The U.S. Congress passed the Communications Decency Act (CDA), an amendment to the Telecommunications Reform bill in January; the President signed it on February 8, 1996. The CDA bans "indecent" material on the Internet (up to 2 years in prison, up to $250,000 in fines for violating the law). Legally, "indecent" is a community-based standard (what does that mean on the world-spanning Net?), and could include Shakespeare, song lyrics, parts of the bible, and AIDS information, as well as the smut that is all the amendment's proponents talk about.

See the Communications "Decency" Act -- look for S 652 (from the 95-96 session)

Read the letters Yahoo! received in response to turning their pages black as part of the 48-hour protest after the bill was signed.

Free Speech Online

24 hours of Democracy is an essay project -- See over 1000 (and growing) amazingly diverse people's essays explaining why they support free speech on the Net. Add yours! Here's my very short essay, and a few quotes.

The Platform for Internet Content Selection (PICS) is a much less damaging way** for adults to restrict minors from material they don't want them to see. It allows multiple rating systems for parents/teachers/others to choose from, and has been developed by a lot of technical folks, including many of the big computer companies.

**Update! Unfortunately, the 'multiple rating systems' is turning into three that aren't very complex, and the ACLU is worried about the centrally-controlled bland system becoming legally or de facto widespread. Apparently Netscape and Microsoft have already signed onto PICS. See SethF writing on the Censorware Project.

San Francisco Examiner article on Net censorship
The Indecency Page -- Pointers to the sites that are offensive to some.
Freedom of Expression Censor-bait
Losing Our Liberties...
The white right had black pages
Christian Coalition Action Alert - 11/30/95 (a no-longer-there call to their members to support the Communications "Decency" Act -- did anyone archive this?)
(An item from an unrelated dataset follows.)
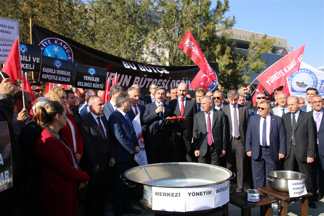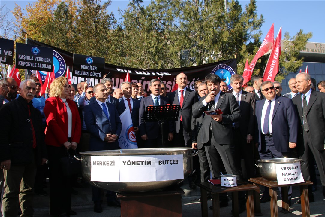 Türkiye Büyük Millet Meclisi’nde görüşülmeye devam eden 2020 yılı Merkezi Yönetim Bütçe Kanunu Tasarısında “Memur unutulmasın” demek için başkent Ankara’da Hazine ve Maliye Bakanlığı önünde, eş zamanlı olarak ise tüm illerde alanlara inerek “Bu bütçe memurun bütçesi değil” dedik.

Marty Rimm and the irresponsible, inflammatory study

Check out the links to much of the Rimm story collected by Declan McCullagh.

Here's the highlights:

7/3/95 COVER: Cyberporn
Background: A lot of attention was stirred up by this Time cover story; a 'mainstream' article blowing sex on the Net way out of proportion. It's based on undergraduate Marty Rimm's irresponsible article/study (published in the Georgetown Law Review), which he explicitly offers as evidence for legislation. Academically it has been critiqued essentially to death (see Hoffman & Novak critique Rimm). There's been a flurry of criticism trashing his statistics *and* questioning the secrecy around the whole affair.

Hoffman and Novak also wrote a critique of Time's Cyberporn story. Here's a bit:

p. 42, third column, last graf
TIME suggests that Rimm's study will be a "gold mine for psychologists, social scientists, computer marketers and anybody with an interest in human sexual behavior." Yet TIME fails to note that it is highly unlikely (at least without a cover story by Time) that an unsophisticated, poorly executed, weakly documented study conducted by an undergraduate in electrical engineering that was not published in a rigorously peer-reviewed scholarly behavioral science journal would ever be perceived as a "gold mine" by experts in these areas.

Curiously, Rimm has been surprisingly uninterested in making the study available to such experts. The study was embargoed for at least six months prior to publication in the Georgetown Law Journal. Scholarly researchers who requested a copy of the manuscript from Rimm were refused access to the manuscript prior to publication.

[emphasis mine --JCA]


7/24/95 Time's brief follow-up non-retraction in which they say:
"...serious questions have been raised regarding the study's methodology, the ethics by which its data were gathered and even its true authorship."